Of course, lightning-type magic that could be strongly affected by accumulated misfortune was still sealed, but Sung-jun’s appearance using countless spells created by previous Demon Lords gave the impression that the essence of magic was entirely dwelling within one person’s body.
The problem was that despite this, Yeojiggwi, who had released the constraints it had placed on itself, still looked stronger.
Having released its self-imposed constraints, Yeojiggwi attacked Sung-jun with so many techniques—martial arts, sorcery, curses, and even magic learned through Sung-jun—that it was amazing how one being could use all those skills alone.

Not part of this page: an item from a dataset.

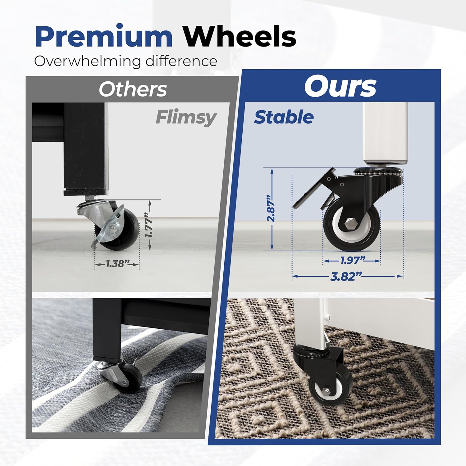 HOMEDANT House White 5-Tier Metal Rolling Cart Shelf Rack Casters Heavy Duty Wheel Shelving Unit Adjustable Utility Storage Shelves Organizer Shelf Kitchen Garage 24.4" W x 16.5" D x 62.2" H 4Pack

Sung-jun countered by deploying all manner of spells created by past Demon Lords, desperately resisting Yeojiggwi’s offensive.
And the Corrosion Entity Legion surrounding them had retreated far away to avoid getting caught up in the battle between the two, watching the fight between the ‘King of Magic’ and the ‘God of Techniques.’
“Thousand Demon Hands!”
As Sung-jun shouted the spell’s incantation, eight arms made of mana were summoned behind him.
This was Sung-jun’s original spell, created to cast magic that would normally require five mages simultaneously forming hand seals with a single body.
As Sung-jun cast spells while wildly swinging the eight summoned arms, four rainbow-colored spheres rotating around him were generated, and the summoned orbs began automatically defending against Yeojiggwi’s attacks as it charged toward Sung-jun, moving at invisible speeds.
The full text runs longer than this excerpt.